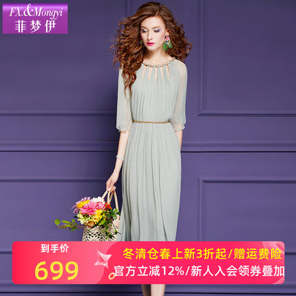 菲梦伊100桑蚕丝连衣裙女夏季法式茶歇甜美收腰顺纡真丝度假长裙
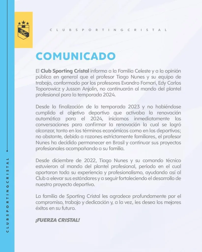 “El Club Sporting Cristal informa a la familia ‘celeste’ y a la opinión pública en general que el profesor Tiago Nunes y su equipo de trabajo, conformado por los profesores Evandro Fornari, Edy Carlos Toporowicz y Jussan Anjolin, no continuarán al mando del plantel profesional para la temporada 2024”.
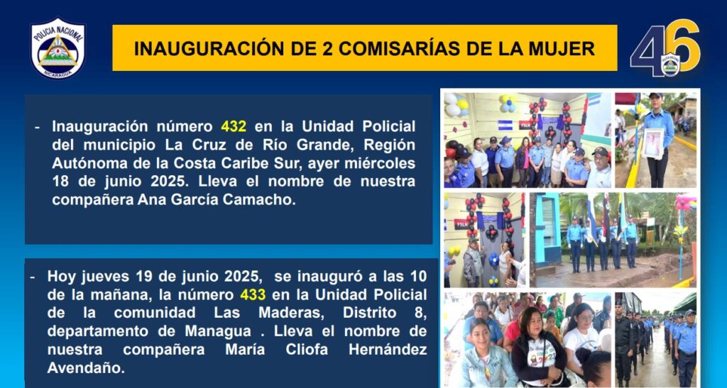 Asimismo, esta semana se inauguraron dos Comisarías de la Mujer, las números 432 y 433, una en la comunidad Las Maderas en el Distrito VIII de Managua y la otra en la Cruz de Río Grande en el Caribe Sur.
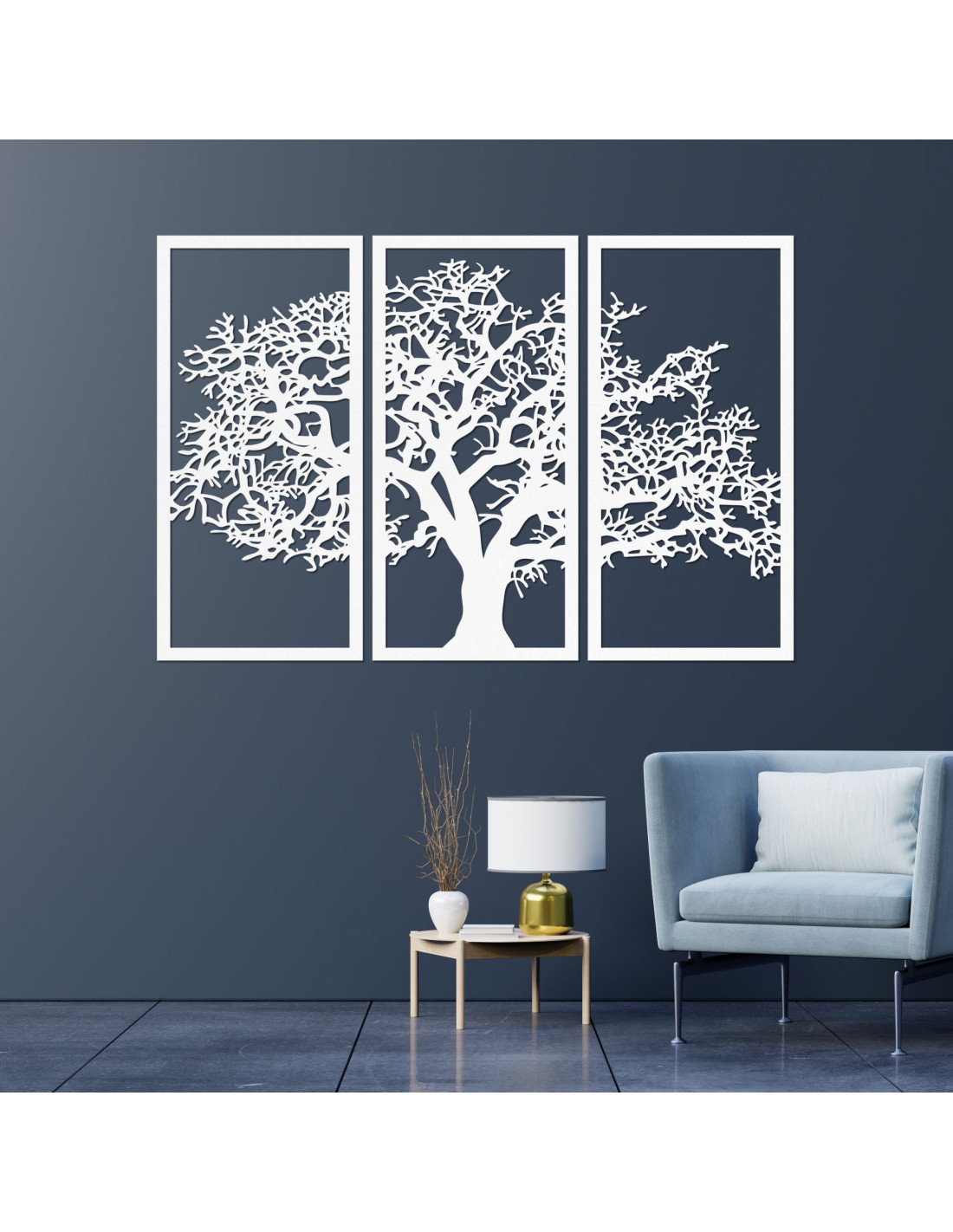 Objevte náš trojdílný obraz s motivem stromu a větví, dokonalé spojení moderního designu a elegance pro váš interiér.
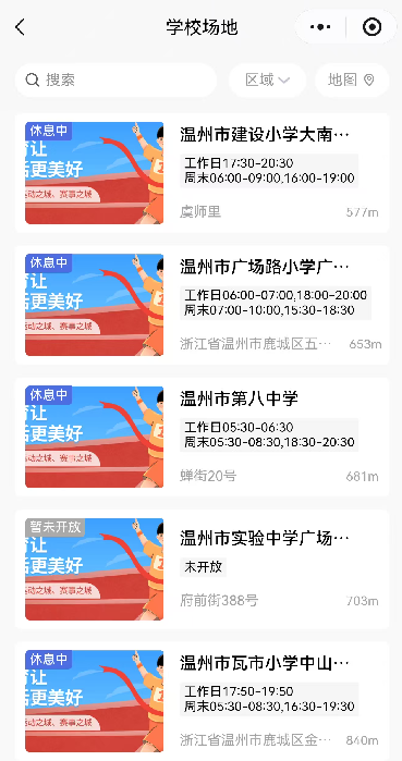 为此,记者联系了温州市体育局群众体育处。“我们体育部门负责‘百姓运动码’小程序的开发,以及学校体育设施的提供,至于哪所学校具体开放时间,不是我们负责的。”该处相关负责人告诉记者,“百姓运动码”小程序中,每所对外开放的学校或者校区,都标有开放时间,市民需要进校锻炼的话,可以根据标注的开放时间进相应运动场所。“每所对外开放的学校或者校区,在小程序上都有自己的账号,对外开放时间并不是由体育部门或者教育部门统一规定的,而是每所学校或者校区根据自身实际情况自行设定的。”
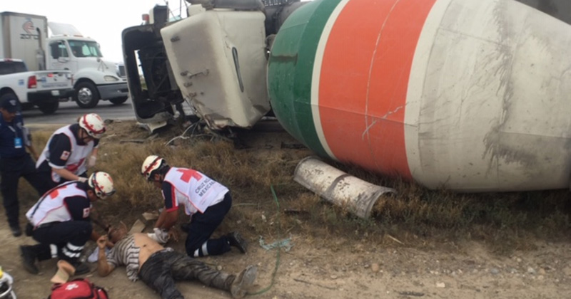 El conductor de la pesada unidad resultó con heridas graves, luego que la cabina del camión con revolvedora que conducía lo aplastó
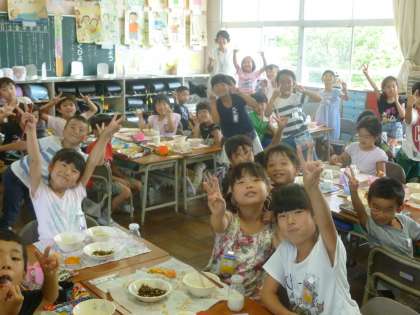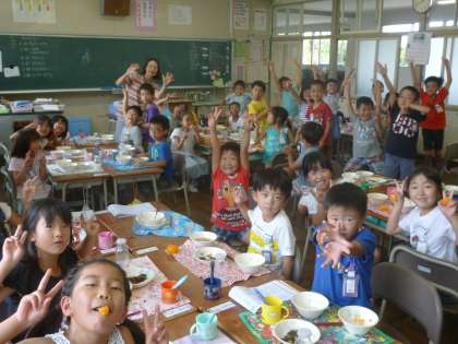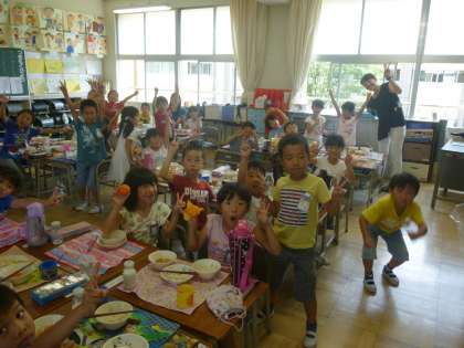 今日は、1学期最後の給食でした。子どもたちが大好きなひじきの炒め煮が出ました。また、冷凍ミカンも出て、「冷たい、冷たい」と言いながら食べていました。入学以来、小学校生活にも十分なれて、元気に健やかに成長してくれました。保護者の皆様のご協力と感謝申し上げます。ありがとうございました。
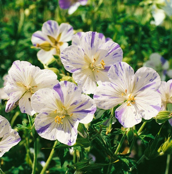 Geranium pratense ‘Splish Splash’, der Wiesen-Storchschnabel, ist eine außergewöhnliche Gartenstaude, die mit ihren weißgrundigen, blau bis violett gesprenkelten und marmorierten Blüten sofort ins Auge fällt. Die unvorhersehbare Zeichnung jeder einzelnen Blüte macht diesen Storchschnabel zu einem charaktervollen Zierstauden-Klassiker für Beet und Rabatte. Von Juni bis Juli, oft mit zarter Nachblüte nach einem Rückschnitt, präsentiert der horstig wachsende Blütenstauden-Typ einen üppigen Flor über frischgrünem, tief gelapptem Laub, das bis in den Herbst attraktiv bleibt und vereinzelt eine dezente Färbung annimmt. Mit einer Höhe von etwa 60–80 cm und einer buschigen, standfesten Wuchsform eignet sich diese Staude perfekt als Begleitpflanze zu Rosen, Salvia, Katzenminze oder Ziergräsern, setzt als Solitär im Vorgarten eindrucksvolle Akzente und überzeugt in der Gruppenpflanzung als flächendeckender Blütenstauden-Partner. Auch im großen Kübel auf Terrasse oder Balkon ist dieser vielseitige Gartenstrauch im Staudenformat eine reizvolle Kübelpflanze, sofern ein gleichmäßig frisches, gut durchlässiges, humoses Substrat zur Verfügung steht. Ein sonniger bis halbschattiger Standort fördert eine reiche Blüte; in vollsonnigen Lagen ist bei länger anhaltender Trockenheit gelegentliches Wässern empfehlenswert. Ein Rückschnitt nach der Hauptblüte regt eine kompaktere Nachtriebsbildung an und verlängert die Attraktivität der Pflanze. Insgesamt erweist sich Geranium pratense ‘Splish Splash’ als robuste, langlebige Zierstaude, die im Bauerngarten ebenso stimmig wirkt wie im modernen Staudenbeet und jede Pflanzung mit spontaner, malerischer Farbdynamik bereichert.
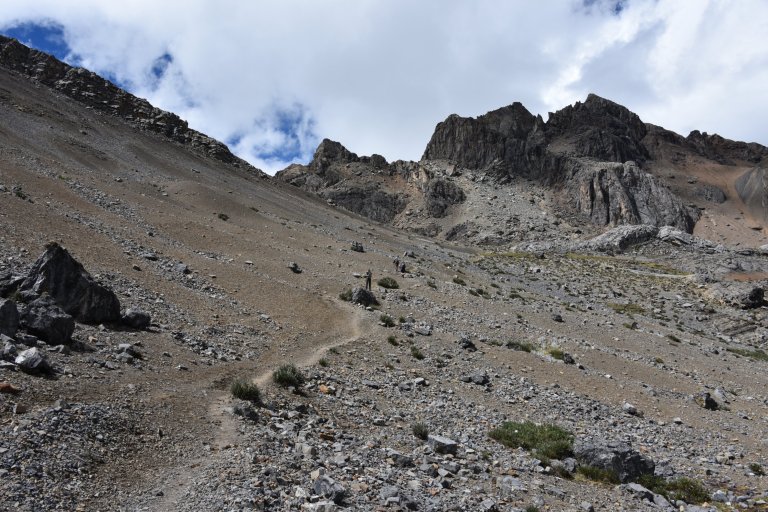 We reach the pass and look into a slow descending valley. We make a break. Nobody takes off a layer. The girls look for stones, big enough to hide behind them for baños stop.
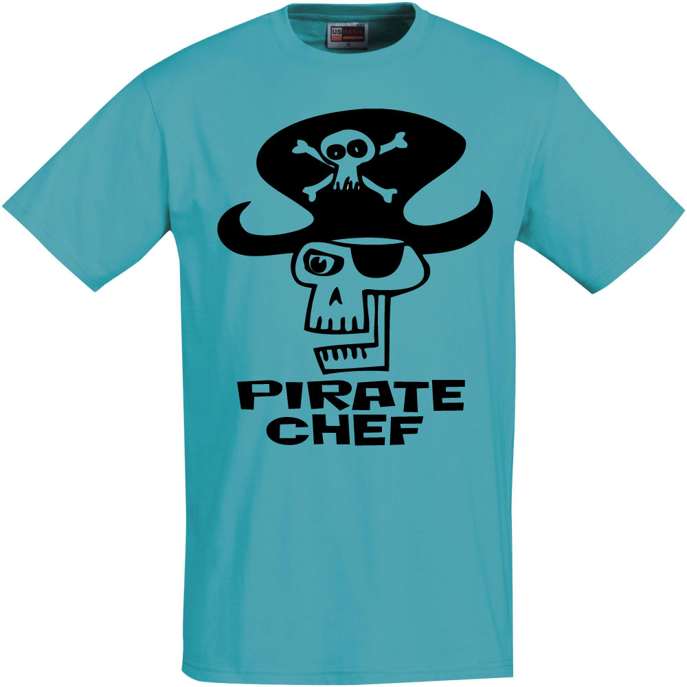 t-shirt bleu pirate chef, dessin et écriture en noir
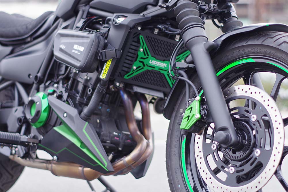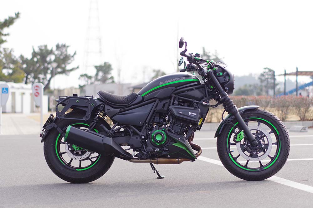 このバイクではカワサキカラーのグリーンを使用して随所にアルマイトパーツを取り付けています。
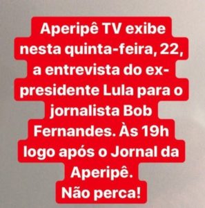 Sergipe Belivaldo Chagas (PSD), está utilizando a emissora educativa (TV APERIPÊ), para retransmissão da entrevista concedida por Lula ao jornalista Bob Fernandes. Detalhe: Lula está preso por ter sido condenado por corrupção passiva e lavagem de dinheiro. Sem julgar o mérito, usar a TV pública não é o melhor caminho. Essa programação não servirá muito para os que acessam o canal em busca de formação educativa?

###

Please set down only the lines from the first line of the records above through the line that has "Objevte náš trojdílný", exactly, and not the pictures.

 菲梦伊100桑蚕丝连衣裙女夏季法式茶歇甜美收腰顺纡真丝度假长裙
 “El Club Sporting Cristal informa a la familia ‘celeste’ y a la opinión pública en general que el profesor Tiago Nunes y su equipo de trabajo, conformado por los profesores Evandro Fornari, Edy Carlos Toporowicz y Jussan Anjolin, no continuarán al mando del plantel profesional para la temporada 2024”.
 Asimismo, esta semana se inauguraron dos Comisarías de la Mujer, las números 432 y 433, una en la comunidad Las Maderas en el Distrito VIII de Managua y la otra en la Cruz de Río Grande en el Caribe Sur.
 Objevte náš trojdílný obraz s motivem stromu a větví, dokonalé spojení moderního designu a elegance pro váš interiér.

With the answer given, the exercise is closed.